The Cab-Driving Economist

The Daily Reckoning PRESENTS:There are certain unorthodox economic indicators – like when servers at restaurants start coming home with less money in their pockets at the end of a shift, or when a movie theater is surprisingly empty on a rainy Friday night. The Mogambo examines these signs with a growing sense of fear…

by The Mogambo Guru

I don’t remember the sound of wolves howling in the distance, but it was a darkly inauspicious start to the beginning of the Bernanke reign of monetary terror and pain, as Total Fed Credit at the Federal Reserve shot up by $6.7 billion last week, which is a handy measure of the amount of excess money and credit being created – poof – out of thin air by the monstrous Federal Reserve.

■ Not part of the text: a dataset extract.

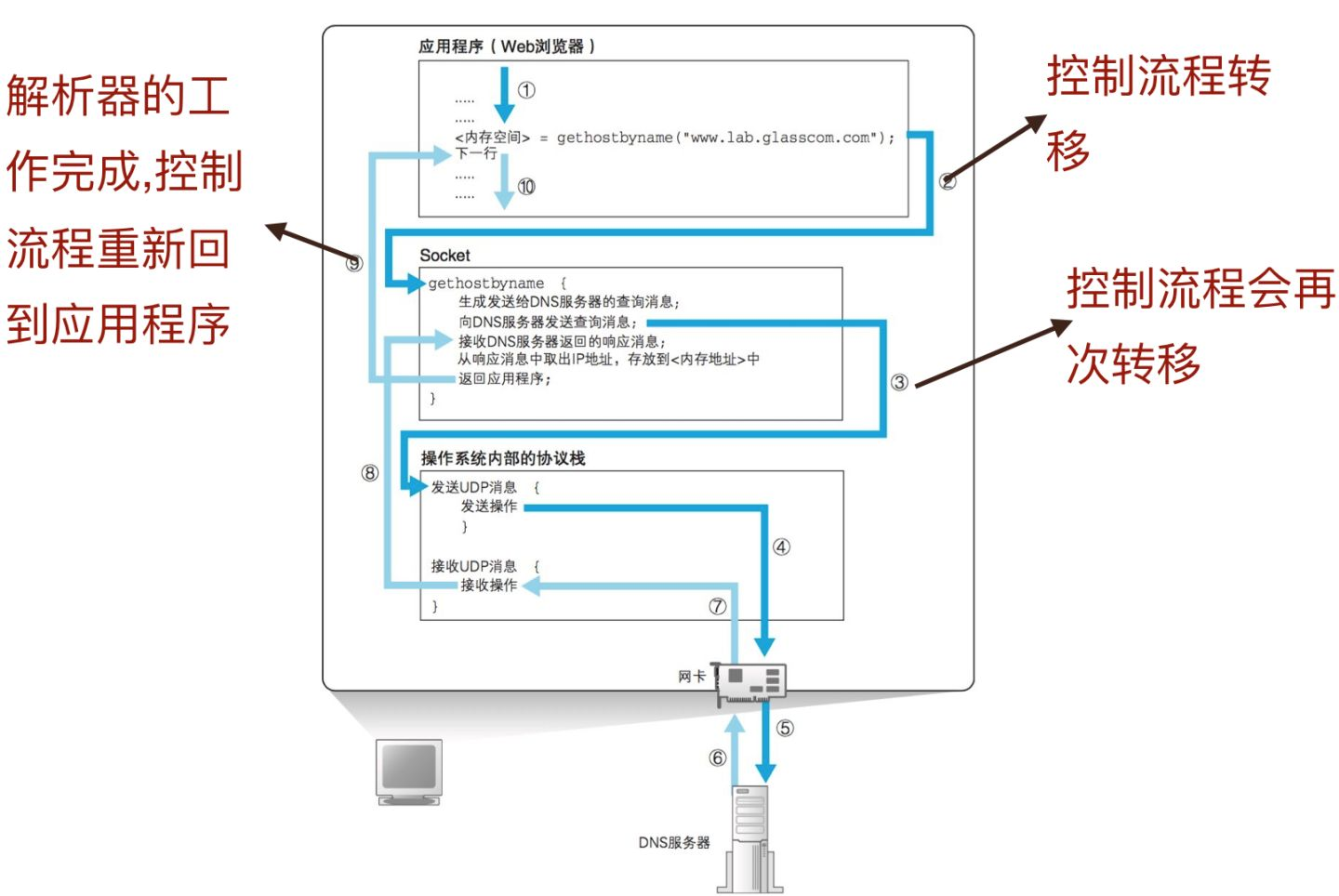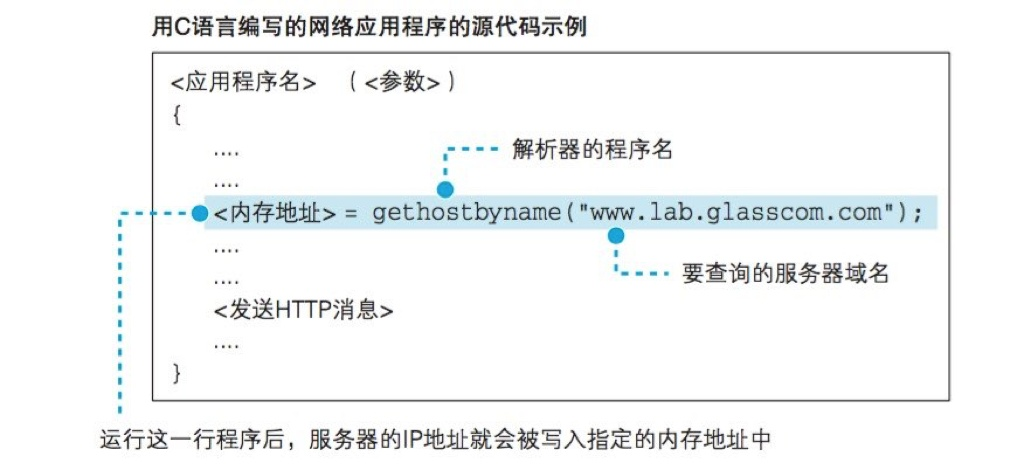 通过 DNS 查询 IP 地址的操作称为域名解析,负责执行解析这一操作的就叫解析器。 解析器实际上是一段程序,它包含在操作系统的 Socket 库中 (Socket 库可以让其他的应用程序调用操作系统的网络功能 )。 解析器的用法非常简单,编写应用程序(这里也就是指浏览器)时,如下图写上解析器的程序名称(gethostbyname)以及web服务的域名(http://www.lab.glasscom.com/)进行调用就可以了,这样就完成了对解析器的调用。

Current Inflation: U.S. Debt

But that pales in comparison to the biggest and most unbelievable fraud, which is not that I pretend that I am a decent, caring human being, but that the total debt of the United States is now at $8.248 trillion, or $8,248 billion, or $8,248,000 million. Let’s just say this is enough to make instant millionaires out of 2.8% of the population of the country! We owe, as a taxpaying nation, enough money to create instant millionaires out of almost 1 in 30 people in the country! My eyes bug out of my head and my stomach churns at the very thought of such monetary, financial, economic and social malfeasance, and I think to myself, “Do I have enough frozen pizzas and ammunition to sustain me during the economic upheaval that is coming?”

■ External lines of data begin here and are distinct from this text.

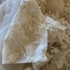 The dress originally had longer and tighter sleeves - changed the sleeves to be shorter and more flowy while incorporating the lace flowers from the original sleeves sewn onto the excess fabric cut during normal alterations. Also, a bustle was added!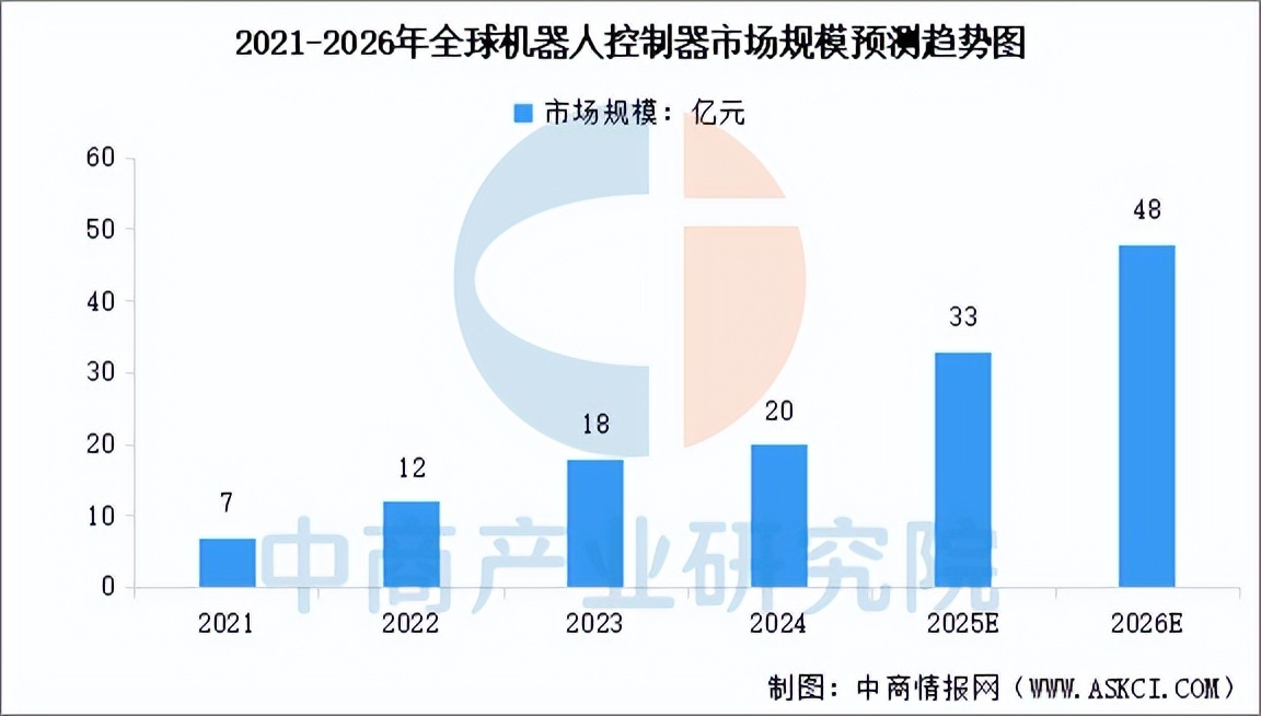 控制器作为机器人的“大脑”,其智能化水平决定机器人自主性。中商产业研究院发布的《2025-2030年中国控制器产业前景预测与战略投资机会洞察报告》显示,全球机器人控制器市场规模从2021年的7亿元增长至2024年的20亿元。中商产业研究院分析师预测,2025年全球控制器市场规模将达到33亿元,2026年市场规模将达到48亿元。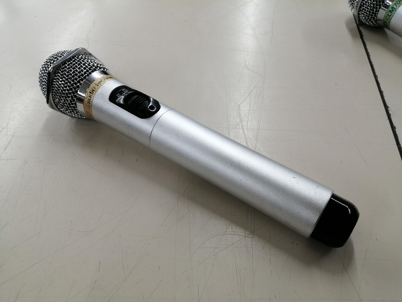 ワイヤレスマイク2本、充電器のセット。 |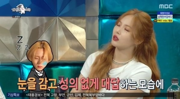 이날 현아는 연인에 대해 “텐션이 많이 나른한 편이다. 그리고 눈을 잘 못 뜬다”고 말문을 열었다.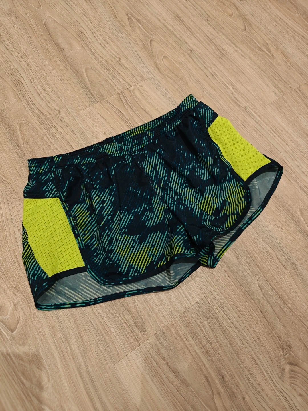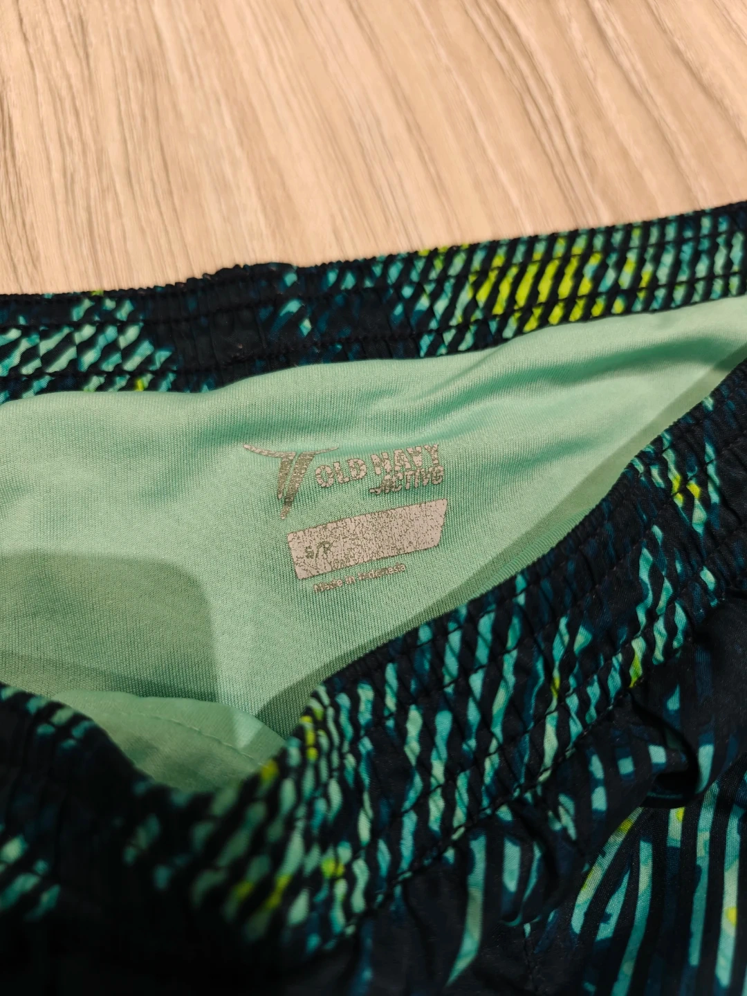 These Old Navy Active running shorts have a cool abstract pattern in blue and green. They're a size S/P with mesh accents on the sides for breathability. Perfect for hitting the track or trail!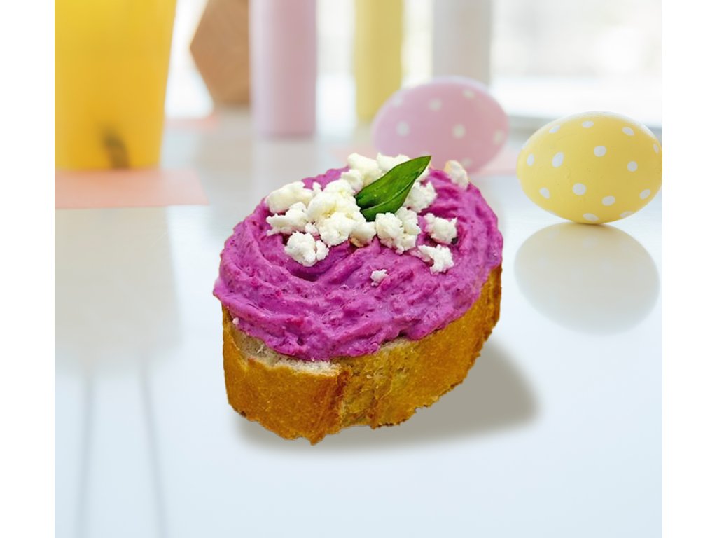 Zloženie: pečivo, cviklová nátierka, balkánsky syr, jarná cibuľka
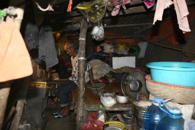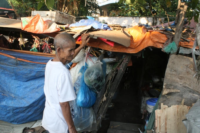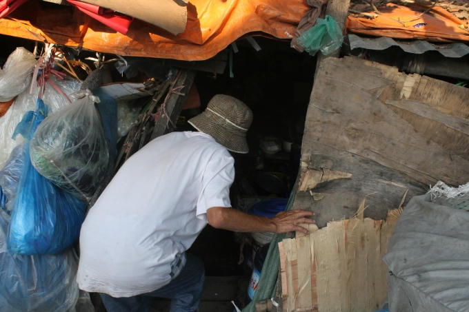 2/3 diện tích căn lều được dùng để đựng phế liệu mà đôi vợ chồng già rong ruổi khắp các con phố Hà Nội nhặt về. Phần diện tích nhỏ còn lại là nơi sinh hoạt, ngủ nghỉ, ăn uống của hai vợ chồng và hơn 10 con chó.

Now you want to know, “What upheaval?” Well, on the site we read, “The Laboratoire européen d’Anticipation Politique Europe 2020 (LEAP/E2020) now estimates to over 80% the probability that the week of March 20-26, 2006, will be the beginning of the most significant political crisis the world has known since the Fall of the Iron Curtain in 1989, together with an economic and financial crisis of a scope comparable with that of 1929.” I re-read, and re-read, and re-read that part about it being “comparable” to 1929, which is the year that the stock market crashed and ushered in the Great Depression. But there is, so these guys say, only an 80% chance of that, which is the exact odds my wife figured of our marriage lasting less than a week.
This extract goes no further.